- Born: Vivian Schuyler November 3, 1905 Hempstead, New York, United States
- Died: 1990 (aged 84–85)
- Other name: Vivian Key
- Education: Pratt Institute
- Occupations: Painter, sculptor, printmaker, designer, illustrator
- Movement: Harlem Renaissance

= Vivian Schuyler Key =

American artist (1905–1990)

Vivian Schuyler-Key (née Vivian Schuyler; November 3, 1905 – 1990), was an American painter, sculptor, printmaker, designer, and illustrator. She began her career in the 1920s, working within the Harlem Renaissance. Her chosen medium was oil painting, particularly still life paintings of flowers, landscapes, and human subjects. Schuyler-Keys can be stylistically identified with figurative realism. She focused mainly on figurative realism. Schuyler-Key was the first Black woman to graduate from the Pratt Institute.

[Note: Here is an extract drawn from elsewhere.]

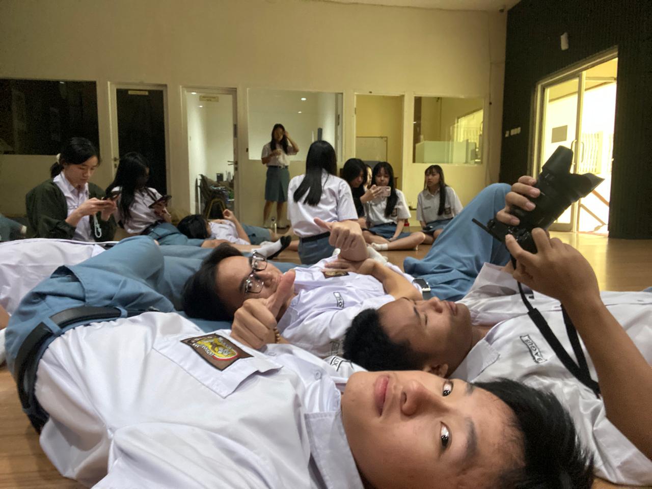 Foto yang di lampirkan adalah ketika kami selesai runthrough drama di francis room. Disaat itu kami sedang evaluasi dan mem-“polish” ide baru dari sutradara yang berkonsep perkap menjadi bagian dari drama agar flowdari drama kami lebih baik dan tidak monotone.
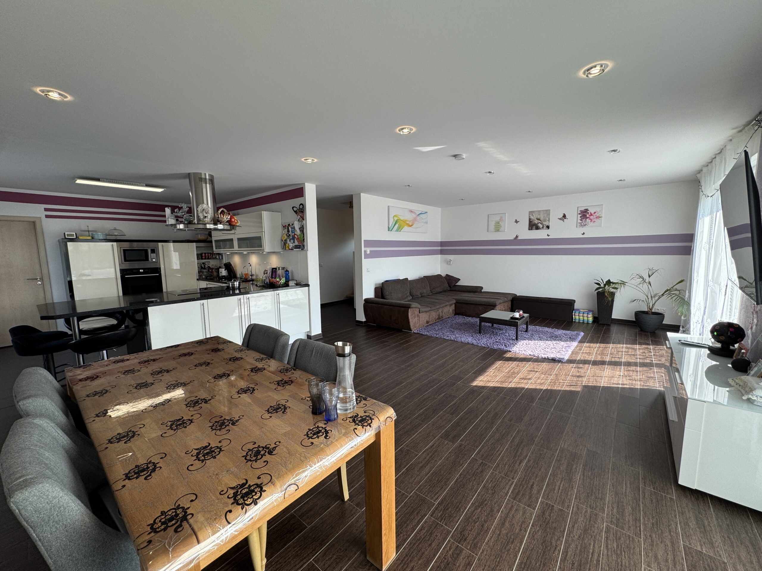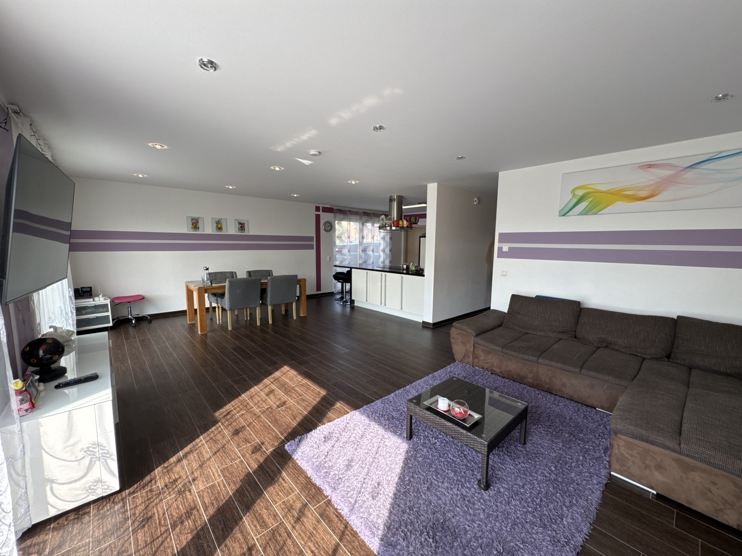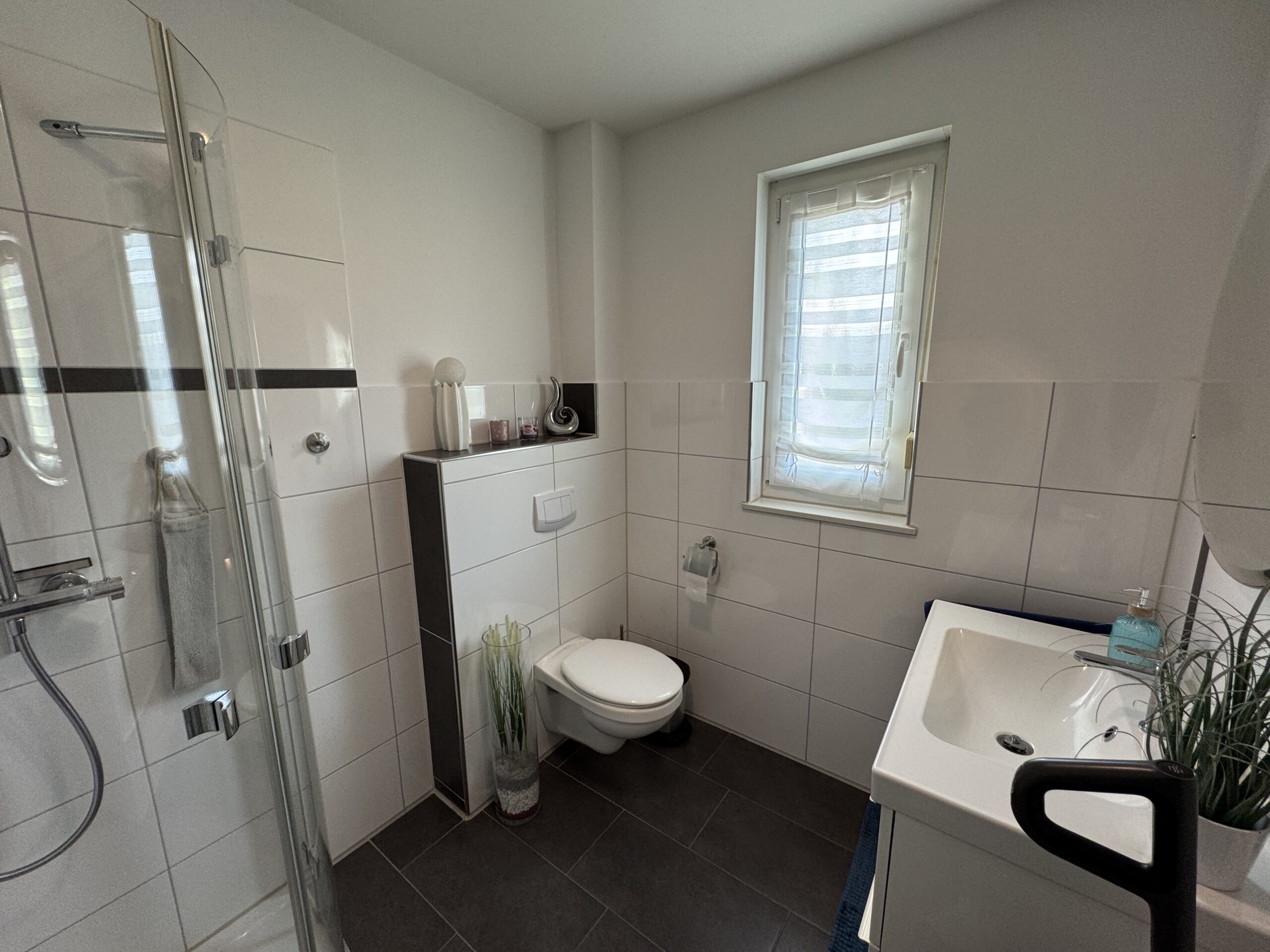 Die Heizung erfolgt über eine effiziente Fußbodenheizung. Im Bad überzeugen hochwertige Fliesen und moderne Armaturen.

== Early life and education ==
Vivian Schuyler was born on November 3, 1905, to Black parents Henry Foster Schuyler, and Jessie Valentine Schuyler. Her father worked as a coachmen, and her mother worked as a domestic worker. Schuyler was born in Hempstead, New York, and attended Hempstead High School where she was the art editor for her high school's yearbook. She graduated with her diploma in 1923 and proceeded to win a New York State scholarship that same year.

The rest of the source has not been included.